The trailer is damp inside and the floor is in bad shape. Various items are strewn about the room that looks like a woodshed. Plates are piled high on a table in the kitchen. The middle of the room is where the children are bathed. 16 month-old Armen runs after the water bucket, picks it up, and drags it around.
Haykoush doesn’t have a job. She used to work before getting married. “I’m a worker. I did farming jobs. But now, there’s no one to look after the children. Otherwise, I’d work,” she says. The couple wants to send the kids to kindergarten but the nearest one has no vacancies. Haykoush filed an application three years ago for Arman, but there’s still no openings.
Arman, defending the house from the Turks
The couple receives 35,000 AMD for three of the children. It’s the family’s only steady income. Haykoush says that Feliks only gets the occasional odd job. She says that he took a bad fall in 2003 and suffered head and spinal trauma. “Initially, he was registered with a second and then a third category disability. Later, they cancelled the disability claim, arguing that he had been cured. But he still has back pains,” Haykoush says.
During our conversation, other facts come to the fore. Feliks says that he served as a conscript soldier in 2007. “I was with the special forces, a reconnaissance unit,” he says. He didn’t serve for long, however, due to a court case. “I had a bunch of friends who turned on me and got me in a lot of trouble. They were dismissed from service, but I was the one charged.

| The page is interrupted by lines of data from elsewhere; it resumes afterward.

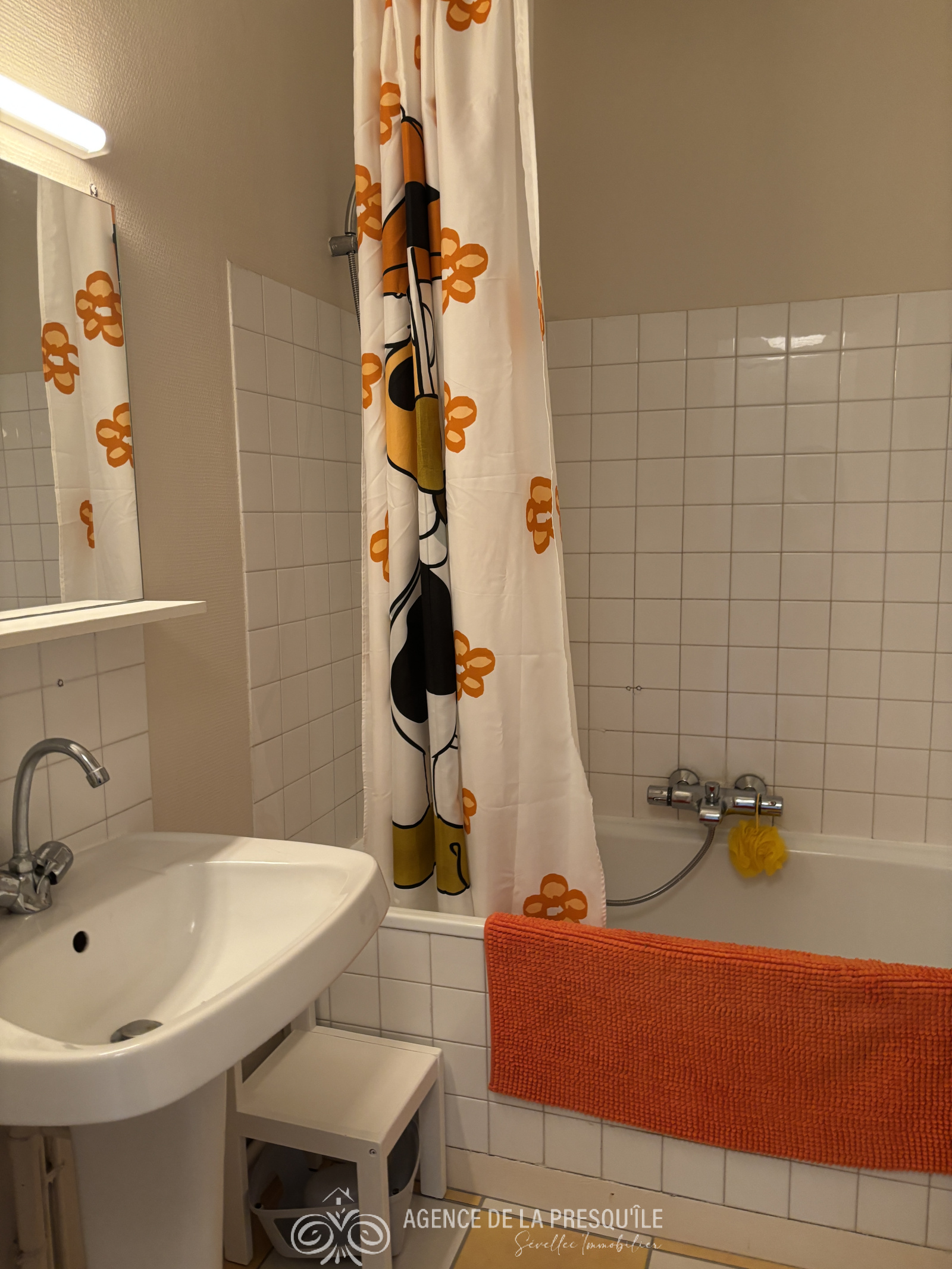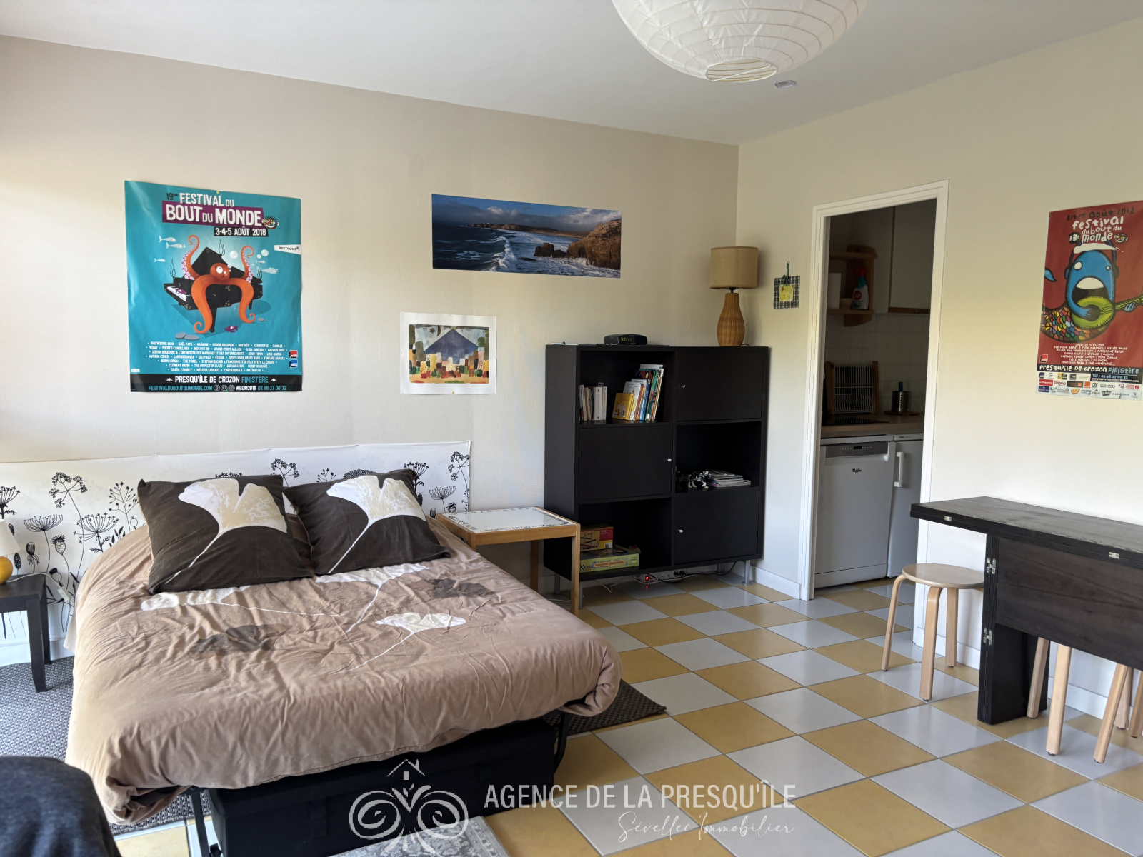 Ce studio situé dans une copropriété édifiée face à la plage de Morgat allie calme et accès facile à la mer. Proche des commerces cet appartement est composé d'une entrée avec placard, d'une pièce de vie, d'un coin cuisine et d'une salle de bains. Place de parking extérieur. Dans une copropriété comprenant 69 lots, avec une quote-part annuelle de charges de 440 € environ. Etat des risques disponible à l'agence.
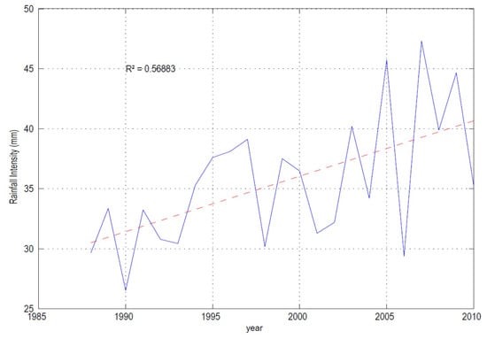 Figure 13 shows the evolution of the annual maxima of observed daily rainfall. The analysis reveals a strong increase in the annual maximum of daily precipitation that is statistically significant at the 95% confidence level. The frequency of high streamflow is not increasing, and this could be explained by the increase in temperature, which induces more evapotranspiration and thus compensates for the impact on high streamflow. This has also been proved by Ntajal et al. [] downstream of the Mono river basin. However, an in-depth analysis is still needed to prove this assumption because, in principle, very high streamflow is sometimes generated from rapid runoff in response to water excess in soil with a low retention capacity [,,]. This occurs in a very short time period, during which the increase of the evaporative demand is not really a constraint.
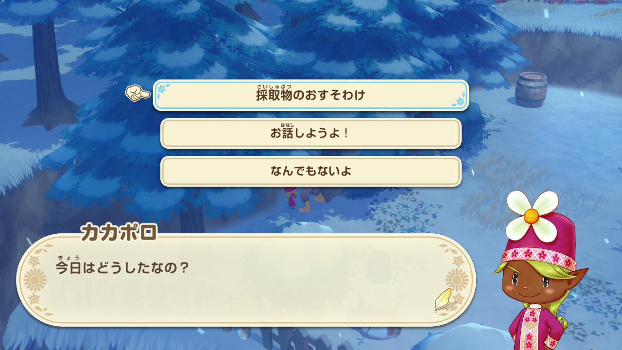 I’m currently playing 牧場物語 Let’s 風のグランドバザール and there is a mechanic in it where you can give things to characters in exchange for upgrades (screenshot above).

I knew everything but didn’t do a thing,” Feliks says. The court sentenced him to five years. He was pardoned with five months to serve left. After getting out, he married Haykoush.
Feliks’s time in jail has been a black mark on his name and makes it hard for his to get a job. He says he’s applied for military service at an Ararat base but his prior conviction got him a refusal. Feliks says he’ll again petition the defense ministry but isn’t hopeful as to the outcome. He cracks a sad smile.
“I’ve tired of this situation, of living poorly,” he says, adding that serving in the military is his only chance for a stable income and a better life.
Haykoush says her only dream is to gather all seven children under one roof.
“What am I now for my children? I’m like a mother ‘shell’. They are my children, but they don’t live with me.”
The trailer is small. Aghasi and Arman already complain about having to sleep in the same bed.
Haykoush’s parents are in Artsakh. They’re volunteers in the frontline.